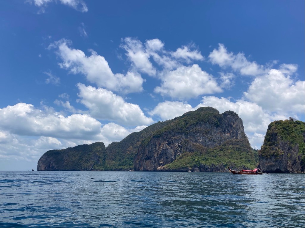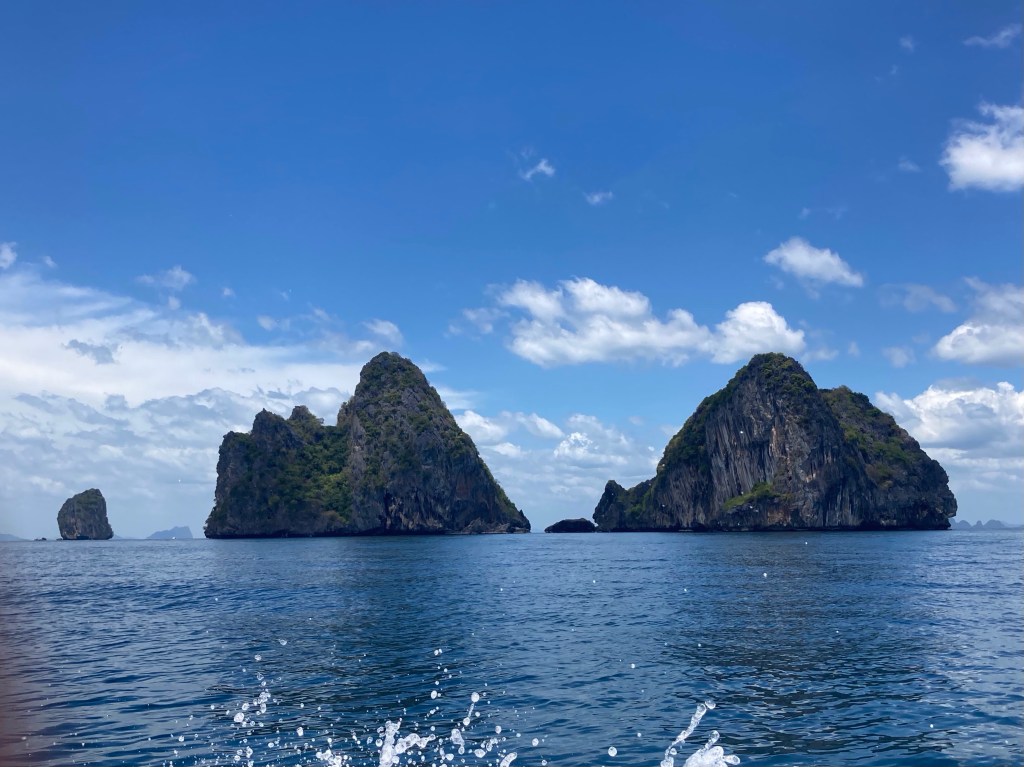 Il est bientôt 13h. Nous nous dirigeons maintenant vers la 4è et dernière île, celle de Koh Ngai. Auparavant, nous croisons à nouveau de superbes pains de sucre perdus dans cette immensité bleu de mer et de ciel.
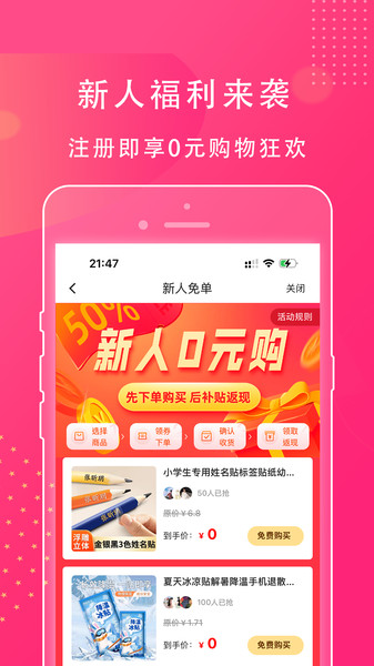 安装完成后同意用户协议即可快速进入主界面,简洁明了的布局让操作零门槛。首页会智能推荐当下最热门的优惠商品,通过分类检索或搜索框都能快速定位目标商品。系统还会根据浏览记录个性化推送专属优惠,每件商品都清晰标注券后价和历史价格曲线,助你轻松做出省钱决策。
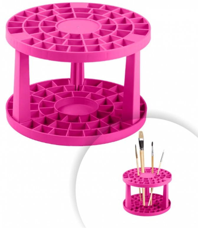 Удобная, компактная, практичная подставка. Кисти, карандаши, линеры, все под рукой. Только флейцевые кисти не подходят, до 1,5см диаметр ручки примерно должен быть. Очень довольна покупкой. Розовый цвет более сдержанный, чем на фото👍
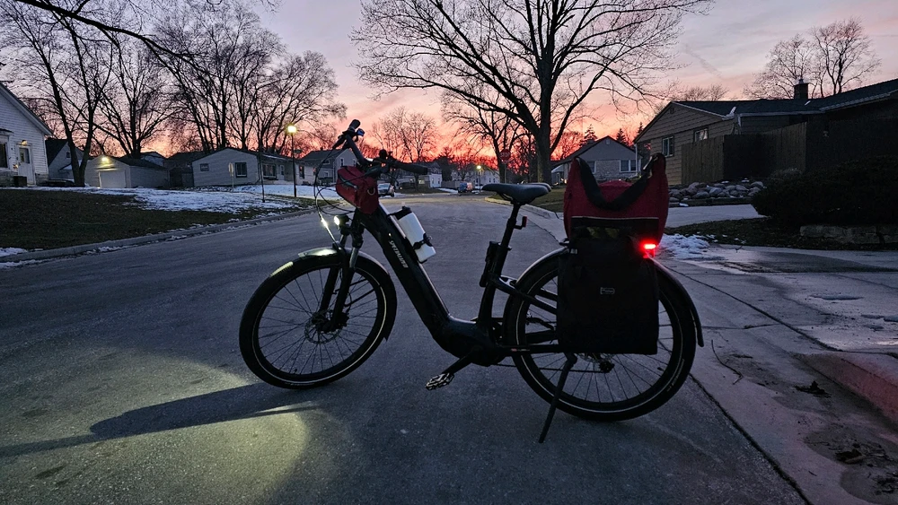 A chilly commute home with a beautiful city sunset.
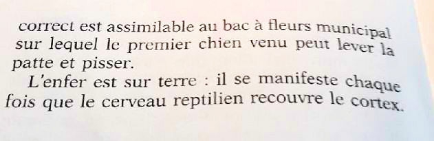Enfin, bref ! Se reporter au livre de Michel ONFRAY qui vient d' écrire LA NEF des FOUS vous y lirez des passages savoureux et plein d' humour sur la société actuelle et le délitement de cette dernière ! Il y a peu j' en avais encore de l' humour, noir bien souvent, déja sérieusement entaché, désespéré, mais là j' ai beau creuser je n' y arrive plus, je viens de tomber au fond du trou !

** To do **
Each record should appear again exactly as it stands, with no picture included.

** Result **
 Il est bientôt 13h. Nous nous dirigeons maintenant vers la 4è et dernière île, celle de Koh Ngai. Auparavant, nous croisons à nouveau de superbes pains de sucre perdus dans cette immensité bleu de mer et de ciel.
 安装完成后同意用户协议即可快速进入主界面,简洁明了的布局让操作零门槛。首页会智能推荐当下最热门的优惠商品,通过分类检索或搜索框都能快速定位目标商品。系统还会根据浏览记录个性化推送专属优惠,每件商品都清晰标注券后价和历史价格曲线,助你轻松做出省钱决策。
 Удобная, компактная, практичная подставка. Кисти, карандаши, линеры, все под рукой. Только флейцевые кисти не подходят, до 1,5см диаметр ручки примерно должен быть. Очень довольна покупкой. Розовый цвет более сдержанный, чем на фото👍
 A chilly commute home with a beautiful city sunset.
Enfin, bref ! Se reporter au livre de Michel ONFRAY qui vient d' écrire LA NEF des FOUS vous y lirez des passages savoureux et plein d' humour sur la société actuelle et le délitement de cette dernière ! Il y a peu j' en avais encore de l' humour, noir bien souvent, déja sérieusement entaché, désespéré, mais là j' ai beau creuser je n' y arrive plus, je viens de tomber au fond du trou !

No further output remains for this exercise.